Водолаз фыркнул толстогубым ртом: на такой вздор и отвечать не стоит. Рысцов сливал остатки вина в стакан, поглядывал, много ли набралось.
Странным показалось Алексею, что Иван сидит на отшибе, как отлученный, не позванный отпраздновать спасение души и тела Якова Воронцова. Надо бы идти восвояси, а неудобно, хоть через спящего шагай, и люди смотрят, будто ждут от него чего-то. И нашлись слова подходящие, от души:
— Ваш сын сегодня выше всех похвал, Сергей Федорович, — польстил он Прокимнову-старшему.
Коричневые веки Прокимнова приспущены, он смотрел на багровые, в окалине, угли с мимолетными, бегучими языками пламени, потом повернулся, но не к сыну, к Воронку, оглядел его нестриженый широкий затылок, лысеющее темя и открывшуюся над ремнем белую, будто неживую спину.
— Он чуть что первым в огонь. Ему пацанов сиротами оставить — пустяк дело. — В тоне его острастка, давние счеты с сыном, задевающая холодность к Капустину.
— Ведь он человека спас! — удивленно сказала Катя.
— Знай наших! — Рысцов хохотнул. — Не людишки, че-ло-ве-ки! — Он поднялся, нерасчетливо плеснув на уголья из нацеженного вполовину стакана. — Всяк нынче человек: хоть Воронок, хоть похлебаевский этот гаденыш… — Митя волчком смотрел на него. — И ты выпей, Капустин, — сказал Рысцов беззлобно и протянул стакан.
Алексей не спешил брать. Рысцов стоял на дорожке, одет он был против обыкновения неряшливо и не по сезону, в теплый сношенный бушлат поверх обвислой, в прожогах тельняшки.
— Ученик твой отличился, не кто-нибудь: за него и хлебни! — Рысцов подался вперед, и Алексею некуда было уйти от мокрого, захватанного руками граненого стакана.
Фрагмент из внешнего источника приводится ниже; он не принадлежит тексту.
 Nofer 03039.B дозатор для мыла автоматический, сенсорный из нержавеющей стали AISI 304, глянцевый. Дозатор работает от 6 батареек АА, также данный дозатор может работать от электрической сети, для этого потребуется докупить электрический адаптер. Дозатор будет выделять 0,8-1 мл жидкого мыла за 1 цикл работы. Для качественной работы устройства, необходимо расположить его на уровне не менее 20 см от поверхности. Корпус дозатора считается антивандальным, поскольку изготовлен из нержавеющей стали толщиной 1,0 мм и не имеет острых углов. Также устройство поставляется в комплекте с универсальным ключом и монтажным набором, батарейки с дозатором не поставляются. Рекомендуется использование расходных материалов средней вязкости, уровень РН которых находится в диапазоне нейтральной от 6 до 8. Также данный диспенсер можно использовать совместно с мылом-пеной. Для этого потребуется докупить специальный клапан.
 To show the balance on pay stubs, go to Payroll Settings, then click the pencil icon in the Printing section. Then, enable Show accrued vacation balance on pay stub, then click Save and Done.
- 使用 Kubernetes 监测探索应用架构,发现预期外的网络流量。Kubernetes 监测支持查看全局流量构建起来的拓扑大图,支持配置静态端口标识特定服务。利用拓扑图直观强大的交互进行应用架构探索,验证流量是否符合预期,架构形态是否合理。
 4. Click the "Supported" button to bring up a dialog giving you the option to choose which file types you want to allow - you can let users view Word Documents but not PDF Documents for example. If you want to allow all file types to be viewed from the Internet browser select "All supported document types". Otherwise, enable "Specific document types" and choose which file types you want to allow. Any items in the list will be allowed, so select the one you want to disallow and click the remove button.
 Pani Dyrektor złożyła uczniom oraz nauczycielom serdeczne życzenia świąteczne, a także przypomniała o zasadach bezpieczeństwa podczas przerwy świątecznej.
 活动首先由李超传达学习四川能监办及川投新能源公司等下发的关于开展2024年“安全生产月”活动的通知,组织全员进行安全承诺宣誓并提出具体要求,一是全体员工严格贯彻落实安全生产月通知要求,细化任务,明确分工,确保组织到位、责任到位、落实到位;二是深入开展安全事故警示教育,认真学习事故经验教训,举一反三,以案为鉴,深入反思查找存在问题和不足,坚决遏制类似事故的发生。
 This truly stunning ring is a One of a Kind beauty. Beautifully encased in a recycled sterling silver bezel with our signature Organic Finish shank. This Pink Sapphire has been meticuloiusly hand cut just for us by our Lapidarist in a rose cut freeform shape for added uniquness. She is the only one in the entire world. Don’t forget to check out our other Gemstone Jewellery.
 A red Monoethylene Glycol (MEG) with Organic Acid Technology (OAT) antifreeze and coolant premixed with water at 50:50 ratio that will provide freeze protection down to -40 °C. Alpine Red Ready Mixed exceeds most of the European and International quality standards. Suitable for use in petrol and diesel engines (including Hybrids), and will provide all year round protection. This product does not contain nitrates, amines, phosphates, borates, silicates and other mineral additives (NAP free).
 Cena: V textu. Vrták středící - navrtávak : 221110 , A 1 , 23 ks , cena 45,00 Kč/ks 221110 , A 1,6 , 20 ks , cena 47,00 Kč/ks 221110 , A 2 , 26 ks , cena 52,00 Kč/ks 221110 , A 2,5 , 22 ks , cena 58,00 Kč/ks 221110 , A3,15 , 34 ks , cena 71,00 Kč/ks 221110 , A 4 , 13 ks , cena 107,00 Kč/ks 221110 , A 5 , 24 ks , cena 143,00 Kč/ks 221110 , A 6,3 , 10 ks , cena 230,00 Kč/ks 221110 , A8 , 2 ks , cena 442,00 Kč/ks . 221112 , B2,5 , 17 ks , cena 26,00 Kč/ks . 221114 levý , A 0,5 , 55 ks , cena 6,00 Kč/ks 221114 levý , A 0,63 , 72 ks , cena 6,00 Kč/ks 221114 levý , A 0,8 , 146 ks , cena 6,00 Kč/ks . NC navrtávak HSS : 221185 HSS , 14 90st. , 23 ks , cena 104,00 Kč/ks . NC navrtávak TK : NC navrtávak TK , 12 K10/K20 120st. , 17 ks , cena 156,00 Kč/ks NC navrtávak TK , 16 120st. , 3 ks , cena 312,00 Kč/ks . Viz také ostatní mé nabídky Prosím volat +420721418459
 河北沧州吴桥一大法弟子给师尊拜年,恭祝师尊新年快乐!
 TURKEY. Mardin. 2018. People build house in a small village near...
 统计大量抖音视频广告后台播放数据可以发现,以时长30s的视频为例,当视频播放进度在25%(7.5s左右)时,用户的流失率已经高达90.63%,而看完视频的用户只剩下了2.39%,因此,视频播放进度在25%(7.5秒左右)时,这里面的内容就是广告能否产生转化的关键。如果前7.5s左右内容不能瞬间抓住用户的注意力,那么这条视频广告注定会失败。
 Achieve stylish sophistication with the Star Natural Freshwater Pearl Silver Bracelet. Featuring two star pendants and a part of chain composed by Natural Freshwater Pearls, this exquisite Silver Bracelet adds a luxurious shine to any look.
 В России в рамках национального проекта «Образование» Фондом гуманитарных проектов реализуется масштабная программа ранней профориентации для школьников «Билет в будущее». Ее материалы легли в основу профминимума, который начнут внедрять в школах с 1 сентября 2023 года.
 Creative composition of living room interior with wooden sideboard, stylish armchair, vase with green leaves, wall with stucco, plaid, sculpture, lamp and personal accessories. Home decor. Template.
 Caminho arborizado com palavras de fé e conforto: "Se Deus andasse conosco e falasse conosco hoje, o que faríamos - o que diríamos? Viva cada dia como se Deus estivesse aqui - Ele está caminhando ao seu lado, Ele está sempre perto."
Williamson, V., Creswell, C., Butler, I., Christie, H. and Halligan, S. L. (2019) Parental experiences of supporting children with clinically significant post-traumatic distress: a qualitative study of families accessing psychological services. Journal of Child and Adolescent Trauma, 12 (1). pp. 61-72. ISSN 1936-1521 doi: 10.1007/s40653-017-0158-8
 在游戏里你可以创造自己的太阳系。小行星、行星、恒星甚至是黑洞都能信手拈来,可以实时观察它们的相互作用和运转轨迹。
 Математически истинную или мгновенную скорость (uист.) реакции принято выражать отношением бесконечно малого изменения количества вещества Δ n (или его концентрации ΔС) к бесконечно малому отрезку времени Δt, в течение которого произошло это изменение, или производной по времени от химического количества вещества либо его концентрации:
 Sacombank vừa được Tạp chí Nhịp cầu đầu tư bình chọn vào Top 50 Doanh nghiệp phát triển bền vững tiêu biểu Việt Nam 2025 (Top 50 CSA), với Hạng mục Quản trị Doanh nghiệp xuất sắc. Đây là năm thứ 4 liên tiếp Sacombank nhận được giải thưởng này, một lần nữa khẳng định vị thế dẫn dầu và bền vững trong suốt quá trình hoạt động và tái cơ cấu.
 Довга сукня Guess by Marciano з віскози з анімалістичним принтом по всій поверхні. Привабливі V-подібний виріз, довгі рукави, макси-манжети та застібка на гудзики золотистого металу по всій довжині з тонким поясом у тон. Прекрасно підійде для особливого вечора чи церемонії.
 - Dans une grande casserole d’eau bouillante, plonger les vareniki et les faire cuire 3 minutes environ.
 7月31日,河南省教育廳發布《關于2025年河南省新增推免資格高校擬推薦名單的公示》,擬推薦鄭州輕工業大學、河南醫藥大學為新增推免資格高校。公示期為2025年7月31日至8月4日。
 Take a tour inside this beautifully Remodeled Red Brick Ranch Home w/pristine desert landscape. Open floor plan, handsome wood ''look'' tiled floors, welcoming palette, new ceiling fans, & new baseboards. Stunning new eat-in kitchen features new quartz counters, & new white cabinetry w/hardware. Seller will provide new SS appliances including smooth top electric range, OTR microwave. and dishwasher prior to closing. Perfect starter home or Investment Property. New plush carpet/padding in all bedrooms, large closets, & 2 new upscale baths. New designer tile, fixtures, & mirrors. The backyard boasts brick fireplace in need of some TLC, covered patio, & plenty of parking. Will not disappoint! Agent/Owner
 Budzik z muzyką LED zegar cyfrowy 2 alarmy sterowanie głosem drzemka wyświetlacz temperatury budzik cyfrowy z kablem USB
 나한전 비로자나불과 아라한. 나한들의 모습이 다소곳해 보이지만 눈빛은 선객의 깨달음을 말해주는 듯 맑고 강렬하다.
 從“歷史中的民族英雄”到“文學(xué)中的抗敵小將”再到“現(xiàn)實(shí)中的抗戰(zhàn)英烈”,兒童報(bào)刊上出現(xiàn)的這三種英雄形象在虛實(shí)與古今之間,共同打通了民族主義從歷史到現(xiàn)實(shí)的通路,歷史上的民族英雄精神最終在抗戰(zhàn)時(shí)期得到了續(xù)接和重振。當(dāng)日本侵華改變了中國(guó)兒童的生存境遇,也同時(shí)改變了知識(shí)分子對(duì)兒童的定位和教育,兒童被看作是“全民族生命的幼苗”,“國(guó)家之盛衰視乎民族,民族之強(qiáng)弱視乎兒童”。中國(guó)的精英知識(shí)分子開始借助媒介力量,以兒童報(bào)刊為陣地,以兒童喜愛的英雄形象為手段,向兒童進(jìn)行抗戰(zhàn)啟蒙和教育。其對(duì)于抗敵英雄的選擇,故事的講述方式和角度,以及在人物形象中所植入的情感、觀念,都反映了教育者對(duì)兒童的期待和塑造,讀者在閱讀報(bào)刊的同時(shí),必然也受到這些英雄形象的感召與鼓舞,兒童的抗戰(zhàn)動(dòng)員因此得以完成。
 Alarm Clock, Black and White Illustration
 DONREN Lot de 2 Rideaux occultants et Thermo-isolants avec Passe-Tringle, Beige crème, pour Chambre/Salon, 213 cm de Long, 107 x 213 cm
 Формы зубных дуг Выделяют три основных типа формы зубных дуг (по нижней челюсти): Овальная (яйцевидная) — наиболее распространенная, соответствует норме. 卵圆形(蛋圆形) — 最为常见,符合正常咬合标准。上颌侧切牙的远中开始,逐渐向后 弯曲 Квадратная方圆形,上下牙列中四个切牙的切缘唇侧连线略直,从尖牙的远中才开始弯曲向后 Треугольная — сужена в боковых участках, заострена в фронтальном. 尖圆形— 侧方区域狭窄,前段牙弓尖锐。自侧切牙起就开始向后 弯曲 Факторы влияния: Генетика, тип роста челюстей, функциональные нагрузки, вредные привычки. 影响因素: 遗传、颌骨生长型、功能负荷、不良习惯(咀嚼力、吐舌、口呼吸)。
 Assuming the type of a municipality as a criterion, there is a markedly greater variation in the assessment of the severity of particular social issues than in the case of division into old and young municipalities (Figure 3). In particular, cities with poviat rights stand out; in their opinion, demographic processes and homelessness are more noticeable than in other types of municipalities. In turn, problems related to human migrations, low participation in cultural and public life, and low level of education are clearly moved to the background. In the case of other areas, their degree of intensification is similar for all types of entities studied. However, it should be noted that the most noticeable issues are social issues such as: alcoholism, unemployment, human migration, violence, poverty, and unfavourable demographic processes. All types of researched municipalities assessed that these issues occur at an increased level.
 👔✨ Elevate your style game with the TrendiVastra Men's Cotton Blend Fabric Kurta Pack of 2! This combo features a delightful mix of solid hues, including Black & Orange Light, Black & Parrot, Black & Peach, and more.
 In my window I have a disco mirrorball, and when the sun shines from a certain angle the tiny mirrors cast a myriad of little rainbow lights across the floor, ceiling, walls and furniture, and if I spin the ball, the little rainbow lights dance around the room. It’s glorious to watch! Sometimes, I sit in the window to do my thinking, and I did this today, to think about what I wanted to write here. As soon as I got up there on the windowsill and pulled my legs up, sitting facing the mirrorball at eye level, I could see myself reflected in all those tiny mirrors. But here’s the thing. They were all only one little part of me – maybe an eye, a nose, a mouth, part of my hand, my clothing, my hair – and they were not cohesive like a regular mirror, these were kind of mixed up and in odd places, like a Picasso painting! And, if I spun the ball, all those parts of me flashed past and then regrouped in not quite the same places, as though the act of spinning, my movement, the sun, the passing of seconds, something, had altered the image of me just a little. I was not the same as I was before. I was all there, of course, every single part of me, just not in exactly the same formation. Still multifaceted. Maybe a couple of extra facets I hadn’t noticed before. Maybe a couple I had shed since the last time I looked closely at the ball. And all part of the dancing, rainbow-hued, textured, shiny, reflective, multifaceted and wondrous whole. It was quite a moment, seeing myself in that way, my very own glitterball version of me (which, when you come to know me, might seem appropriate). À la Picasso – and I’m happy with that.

Пришлось взять, а корзину поставить на землю. — Тоже ведь не чужие… — Рысцов подмигнул.
— Брезгует он, — заметил конюх, извиняя учителя перед людьми. — Нас сколько, а стаканов двое. — Он еще не сбросил с себя стесненного больничного житья, и хотя знал от врачей, что почки его не заразные, все-таки жил с чувством некой личной вины перед красотой и соразмерностью мира, и заранее прощал любого, кто с опаской смотрел на его мертвенно-бледное, бугристое лицо. — Я из твоего не пил, Алеша, — сказал он, вдруг оживляясь, взяв с газеты пустой стакан и пальцами, на ощупь постигая истину. — Мне в этот, щербатый, налили, у его, видишь, дно сколотое.